Xenopath - [Bengal Station 02]
Page 8
“And?”
She shrugged. “I dunno. I might’ve found a match. It’s a long shot. Nine months ago, a woman was found lasered in the arboretum on Level Two— in the same way, crossed loop, same weapon. It was in the dead case file.”
“Who was she?”
“Dana Mulraney. An off-worlder, from Tourmaline. She’d been on the Station for six months. She was with a lover at the time. I did some checking. Her partner’s still living here.”
“You plan to question him?”
“I’m meeting her at four.”
“I’ll check out Scheering-Lassiter.”
Kapinsky was shaking her head. “Let’s do this together. I want to see you in action.”
Uneasy, he nodded. “Fine by me.”
They left the apartment and took an air-taxi north.
* * * *
Five minutes later the taxi decelerated, banked tightly and came in to land outside the Bengal Tiger’s skyball stadium. From the outside, the edifice looked like some corporeal HQ in downtown Manhattan. The imposing matt black polycarbon fa ç ade was inset with a thousand silver viewscreens, which reflected the late afternoon sun in a scintillating array, like so many holo-screens tuned to the same station.
Vaughan climbed out and stared up at the towering southside of the stadium. He glanced at Kapinsky. “She works here?”

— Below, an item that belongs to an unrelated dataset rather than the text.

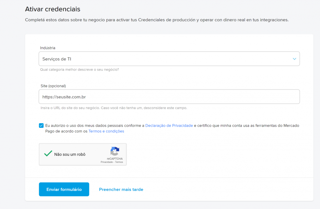 Preencha os dados conforme o seu negócio e clique em “Enviar Formuário”.

“You could say that,” she replied. “You heard of Petra Shelenkov?”
“Can’t say I have.”
“You not up on skyball?”
“Don’t follow sport.”
“Not even the Tigers?”
Vaughan sighed, eager to be out of the heat of the sun. “Didn’t know it was compulsory,” he said.

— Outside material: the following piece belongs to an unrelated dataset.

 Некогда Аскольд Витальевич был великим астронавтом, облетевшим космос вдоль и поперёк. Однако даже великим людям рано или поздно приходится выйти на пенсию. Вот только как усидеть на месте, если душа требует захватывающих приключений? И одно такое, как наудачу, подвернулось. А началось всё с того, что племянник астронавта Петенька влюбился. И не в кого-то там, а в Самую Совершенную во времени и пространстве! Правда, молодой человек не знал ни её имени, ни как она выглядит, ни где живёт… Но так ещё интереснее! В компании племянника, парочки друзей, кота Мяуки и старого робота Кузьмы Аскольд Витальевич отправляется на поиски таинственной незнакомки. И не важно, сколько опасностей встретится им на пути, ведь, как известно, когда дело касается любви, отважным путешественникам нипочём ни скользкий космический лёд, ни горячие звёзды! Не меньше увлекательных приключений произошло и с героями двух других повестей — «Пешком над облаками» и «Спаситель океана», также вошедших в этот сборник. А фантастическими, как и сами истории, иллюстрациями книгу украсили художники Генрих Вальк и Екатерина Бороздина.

“Jeez, I thought every citizen on the Station was following them last season. They won the World Championship, you know? Famous last minute victory over Chicago?”
He shrugged. “So Shelenkov plays skyball.”
“Star signing from Vladivostok Vampires a couple of seasons ago.”
Vaughan looked at Kapinsky. “You follow the Tigers?”
“Me?” she wisecracked. “You’re joking, right? It’s a mug’s game.”
He stared at her as she set off across the parking lot and entered the dark shadow of the stadium, then followed.
They flashed their IDs at a security guard and stepped through a revolving door. Kapinsky led the way along a corridor until they came to a steep flight of concrete steps. They climbed, minutes later arriving at the first tier of banked seating.
Vaughan had never been inside a skyball stadium, and he was surprised at the size of the place. On all four sides, six tiers rose around the central playing area—a great box-like rectangle, demarcated by low-powered lasers, two hundred metres long, seventy wide, and fifty deep. He was reminded of an aquarium, and the way the skyball players darted through the air, like so many polychromatic tropical fish, heightened the effect.
Kapinsky edged along a row of seats and sat down.
Vaughan joined her and watched the players practise defensive manoeuvres. They wore power packs and jetted through the air in pursuit of an oval rubber disc, which they struck with shields towards a goal board at each end of the playing area.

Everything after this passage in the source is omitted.